If you're a newsletter operator or creator selling digital products and want commerce + email + creator network in one tool, Kit is the right pick — and the consolidation pays off in saved tool sprawl. If you mainly need clean email + automation for course launches and don't value the creator-specific features, MailerLite is cheaper and rates similarly on Trustpilot with much higher review volume. At 50K+ subscribers, test Kit's deliverability before committing.

Trustpilot data (used in final score)

112 reviews on Trustpilot with average rating 4.2/5. Bayesian-adjusted equivalent on our 1–10 scale: 7.9 (smoothed with prior C=7.0, m=15 to penalize low-volume noise).

Frequently asked questions

What is Kit and what happened to ConvertKit?

Kit is the rebrand of ConvertKit, announced in mid-2024 to reflect the platform's expansion beyond email into creator commerce (digital products, tip jars), the Creator Network (cross-recommendations), and the Sponsor Network (brand sponsorships). The underlying product, accounts and pricing carried over — the rebrand is positioning, not a different platform.

Kit vs MailerLite — which is better for coaches in 2026?

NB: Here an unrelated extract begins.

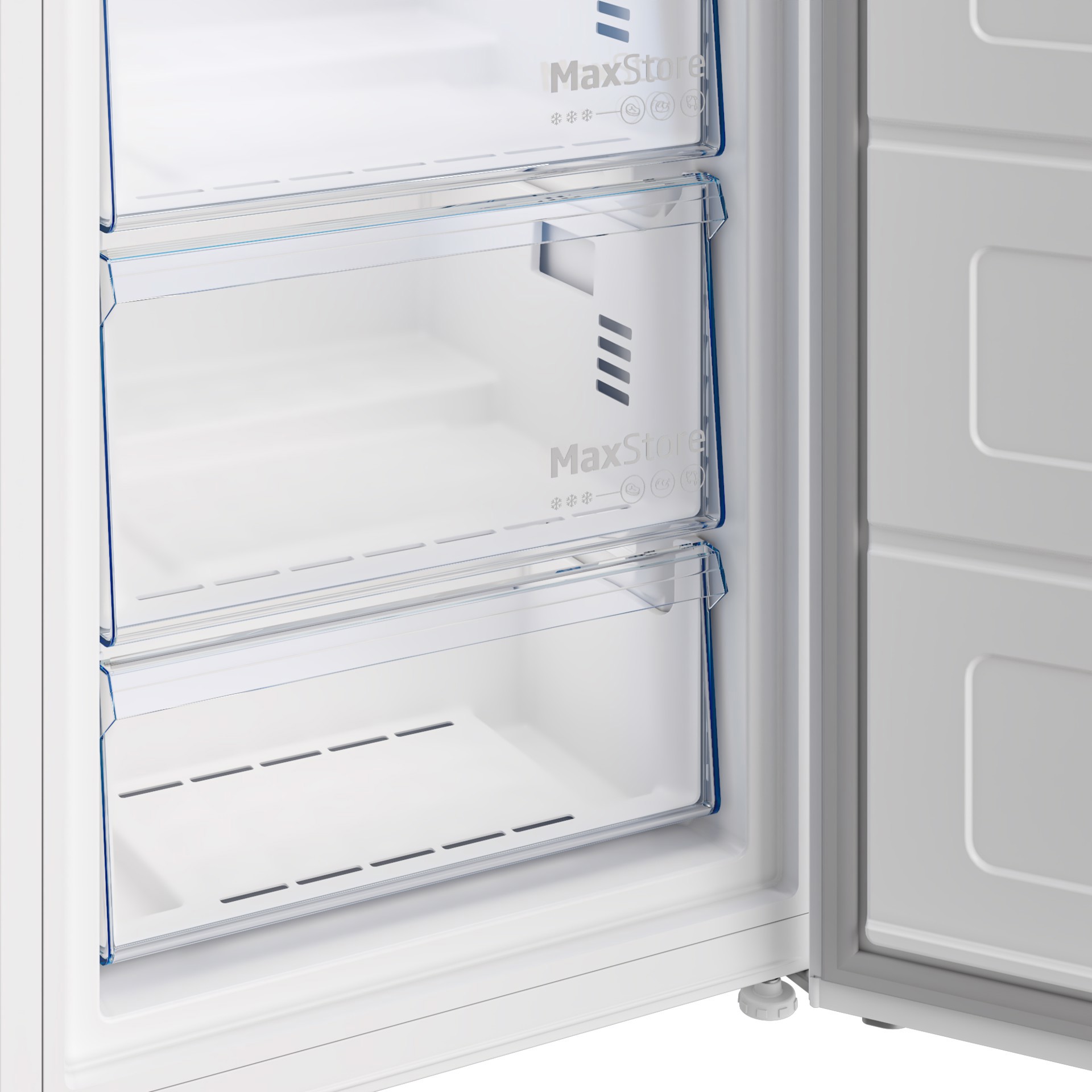 In alcune cucine, gli elettrodomestici devono essere posizionati in punti particolari. Le porte SmoothFit™ non superano il pannello laterale quando aperte a 90 gradi, così puoi posizionare il frigorifero in un angolo o accanto a una parete senza rinunciare alla praticità. E puoi aprire completamente i cassetti di frutta e verdura!
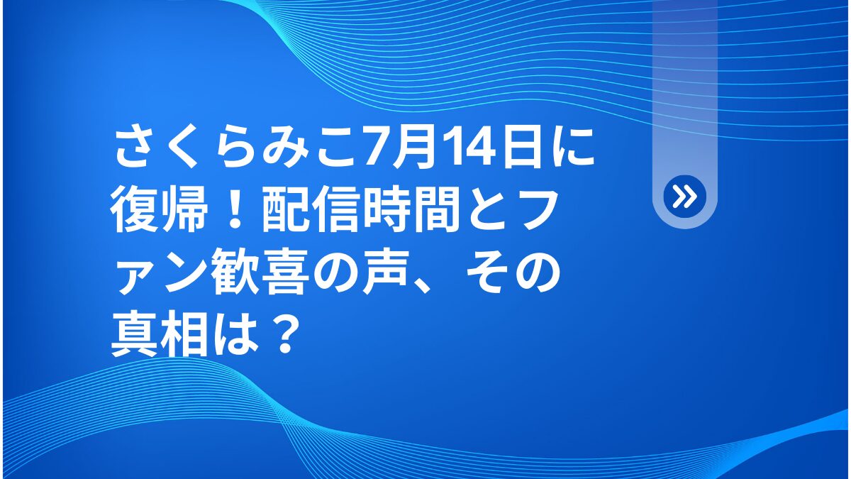 さくらみこ7月14日に復帰!配信時間とファン歓喜の声、その真相は?

MailerLite wins on price, free-plan generosity and Trustpilot review volume (2,930 vs 112 reviews — both sit around 4.4/4.2 in sentiment). Kit wins on creator-specific features (built-in commerce, tip jars, paid newsletters, Creator Network growth) and is built around the creator/newsletter persona specifically. For most coaches, MailerLite is the easier and cheaper choice. For coaches monetizing through newsletter + digital products + tip jars, Kit's bundle justifies the premium.

How much does Kit cost in 2026?

Free up to 10,000 subscribers (broadcasts only, no automations). Creator: $39/mo for 1K subscribers, scaling with list size to roughly $199/mo at 25K. Creator Pro: $79/mo for 1K subscribers, scaling similarly at higher list sizes. Creator Pro adds the Sponsor Network, advanced reporting and Facebook custom audiences.

Is Kit's Creator Network actually useful?

Yes — for creators with engaged audiences, Creator Network cross-recommendations can add 100–500 subscribers per month at zero acquisition cost. The mechanic: when someone subscribes to your newsletter, Kit shows them other newsletters they might also like (which you've opted into recommending). The compounding effect across active creators is the closest thing to organic list growth in the category.

Why is Kit's Trustpilot review count so low?

The 2024 rebrand from ConvertKit to Kit reset the Trustpilot review history on the new domain. The 112 reviews are post-rebrand only and don't include the historical ConvertKit base. The 4.2/5 score is consistent with what active users report — strong sentiment with the caveat that low review volume means less statistical confidence than competitors with 1,000+ reviews.

What's Kit's affiliate program?

30% recurring commission on referred customers, paid via PayPal monthly. At Kit Creator tier ($39/mo at 1K, scaling up with list size), affiliate income per referral compounds as the referred user grows their list. The historical conversion rate has been good because Kit has strong creator-audience brand recognition — easier to recommend than less-known tools.